I think that men and women have equal opportunities to pursue an engineering career. However, parents, kindergarten and elementary school play a crucial role in motivating them to do so.
If you hide something from a child (for example do not let them dismantle, repair, destroy things, learn how the stuff works etc.), they can loose interest in some fields. On the contrary, if the child sees parents doing engineering, they can gain much more interest. This also applies to other fields of interest.
I believe it is a job of a parent to expose their children to various fields and help them with their process of finding, what makes sense to them (but not choose for them).
I think that men and women have equal opportunities to pursue an engineering career. However, parents, kindergarten and elementary school play a crucial role in motivating them to do so.
If you hide something from a child (for example do not let them dismantle, repair, destroy things, learn how the stuff works etc.), they can loose interest in some fields. On the contrary, if the child sees parents doing engineering, they can gain much more interest. This also applies to other fields of interest.
I believe it is a job of a parent to expose their children to various fields and help them with their process of finding, what makes sense to them (but not choose for them).

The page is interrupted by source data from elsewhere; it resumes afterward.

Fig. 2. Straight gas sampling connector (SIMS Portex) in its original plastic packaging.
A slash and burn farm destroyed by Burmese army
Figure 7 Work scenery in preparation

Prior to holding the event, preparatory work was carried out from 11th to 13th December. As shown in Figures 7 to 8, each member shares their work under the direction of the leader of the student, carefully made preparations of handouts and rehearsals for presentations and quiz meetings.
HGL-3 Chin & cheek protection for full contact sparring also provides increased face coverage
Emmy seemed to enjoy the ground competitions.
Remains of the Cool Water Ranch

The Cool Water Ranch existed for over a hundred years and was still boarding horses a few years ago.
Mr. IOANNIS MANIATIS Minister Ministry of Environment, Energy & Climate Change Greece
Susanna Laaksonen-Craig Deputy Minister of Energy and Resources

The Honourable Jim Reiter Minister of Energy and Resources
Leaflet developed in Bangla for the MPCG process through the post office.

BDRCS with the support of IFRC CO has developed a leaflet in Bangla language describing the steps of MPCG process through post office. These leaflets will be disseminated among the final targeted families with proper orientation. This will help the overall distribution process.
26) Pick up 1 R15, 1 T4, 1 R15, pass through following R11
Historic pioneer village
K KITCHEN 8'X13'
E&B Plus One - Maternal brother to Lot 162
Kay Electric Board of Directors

I fully agree. Engineering by itself is as gender neutral as it gets. History and early education are the biggest reasons for the real numbers of engineers.

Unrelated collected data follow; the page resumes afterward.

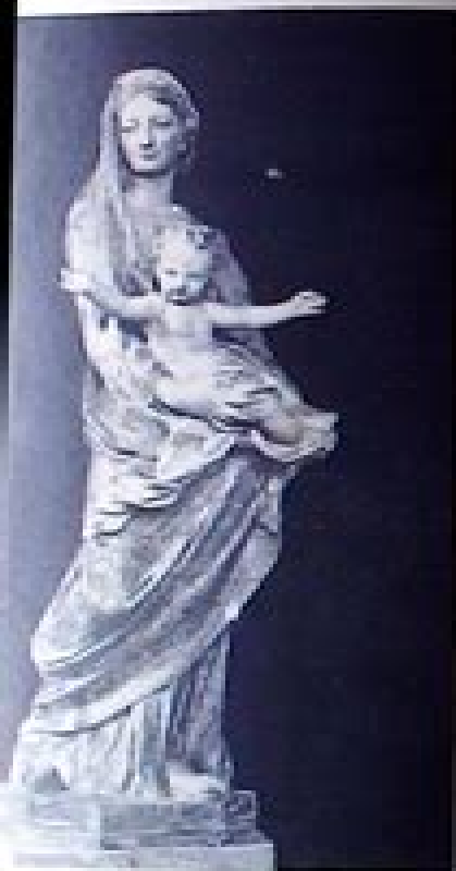
Virgin and Child, 16th century. From the collection of the Monasterio de San Juan de los Rios, Burgos, Spain.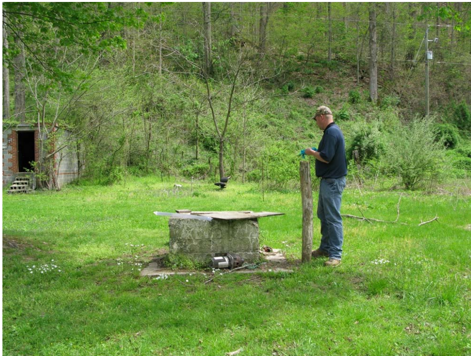
Photograph # 34: View of well – sample DW-15.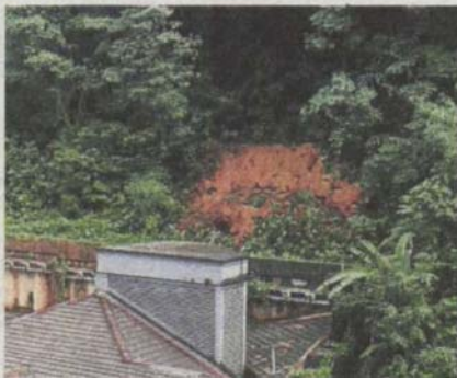
A photo of the landslide taken on Sunday at Phileo Damansara II in Section16, Petaling Jaya.

A CHECK by Petaling Jaya City Council (MBPJ) reveals that the land affected by the soil erosion in Section 16 comes under the purview of the Phileo Damansara II management.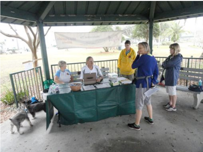
Kaitschucks volunteering at start, supervised by???

I tried this with my children and wife. Wife still insists on not being the slightest bit interested in electronics even though she sees me having so much fun. My daughter also never exhibited any interest in electronics, no matter how many times I did interesting things and did double art instead. Admittedly I like art so we did visit art exhibitions and galleries together. My son tried and did do a Robotics MEng and had to do some electronics, but eventually he decided no, and did something called Software Engineering - whatever that is, textiles maybe. I still do not understand how he did software engineering on a robotics MEng.